Duan Bo, Pan Li-Li, Chen Wen-Xia, Qiao Zhong-Wei, Xu Zheng-Min
Department of Otolaryngology-Head and Neck Surgery, Children's Hospital of Fudan University, Shanghai, China.
Department of Radiology, Children's Hospital of Fudan University, Shanghai, China.
Front Pediatr. 2022 Aug 9;10:809523. doi: 10.3389/fped.2022.809523. eCollection 2022.
This study aimed to conduct an in-depth investigation of the learning framework used for deriving diagnostic results of temporal bone diseases, including cholesteatoma and Langerhans cell histiocytosis (LCH). In addition, middle ear inflammation (MEI) was diagnosed by CT scanning of the temporal bone in pediatric patients.
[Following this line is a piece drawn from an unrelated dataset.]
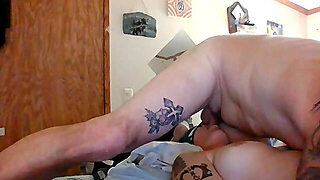 Large titted aged in a satin blouse and erotic nylons is riding a younger studs hard shlong

A total of 119 patients were included in this retrospective study; among them, 40 patients had MEI, 38 patients had histology-proven cholesteatoma, and 41 patients had histology-proven LCH of the temporal bone. Each of the 119 patients was matched with one-third of the disease labels. The study included otologists and radiologists, and the reference criteria were histopathology results (70% of cases for training and 30% of cases for validation). A multilayer perceptron artificial neural network (VGG16_BN) was employed and classified, based on radiometrics. This framework structure was compared and analyzed by clinical experts according to CT images and performance.
The deep learning framework results vs. a physician's diagnosis, respectively, in multiclassification tasks, were as follows. Receiver operating characteristic (ROC) (cholesteatoma): (0.98 vs. 0.91), LCH (0.99 vs. 0.98), and MEI (0.99 vs. 0.85). Accuracy (cholesteatoma): (0.99 vs. 0.89), LCH (0.99 vs. 0.97), and MEI (0.99 vs. 0.89). Sensitivity (cholesteatoma): (0.96 vs. 0.97), LCH (0.99 vs. 0.98), and MEI (1 vs. 0.69). Specificity (cholesteatoma): (1 vs. 0.89), LCH (0.99 vs. 0.97), and MEI (0.99 vs. 0.89).
This article presents a research and learning framework for the diagnosis of cholesteatoma, MEI, and temporal bone LCH in children, based on CT scans. The research framework performed better than the clinical experts.
本研究旨在深入调查用于得出颞骨疾病诊断结果的学习框架,这些疾病包括胆脂瘤和朗格汉斯细胞组织细胞增多症(LCH)。此外,通过对儿科患者颞骨进行CT扫描来诊断中耳炎症(MEI)。
本回顾性研究共纳入119例患者;其中,40例患有MEI,38例经组织学证实患有胆脂瘤,41例经组织学证实患有颞骨LCH。119例患者中的每一位都与三分之一的疾病标签进行匹配。该研究包括耳科医生和放射科医生,参考标准为组织病理学结果(70%的病例用于训练,30%的病例用于验证)。采用多层感知器人工神经网络(VGG16_BN)并基于放射测量学进行分类。临床专家根据CT图像和性能对该框架结构进行了比较和分析。
在多分类任务中,深度学习框架结果与医生诊断结果分别如下。受试者操作特征曲线(ROC)(胆脂瘤):(0.98对0.91),LCH(0.99对0.98),MEI(0.99对0.85)。准确率(胆脂瘤):(0.99对0.89),LCH(0.99对0.97),MEI(0.99对0.89)。敏感性(胆脂瘤):(0.96对0.97),LCH(0.99对0.98),MEI(1对0.69)。特异性(胆脂瘤):(1对0.89),LCH(0.99对0.97),MEI(0.99对0.89)。
本文提出了一种基于CT扫描诊断儿童胆脂瘤、MEI和颞骨LCH的研究与学习框架。该研究框架的表现优于临床专家。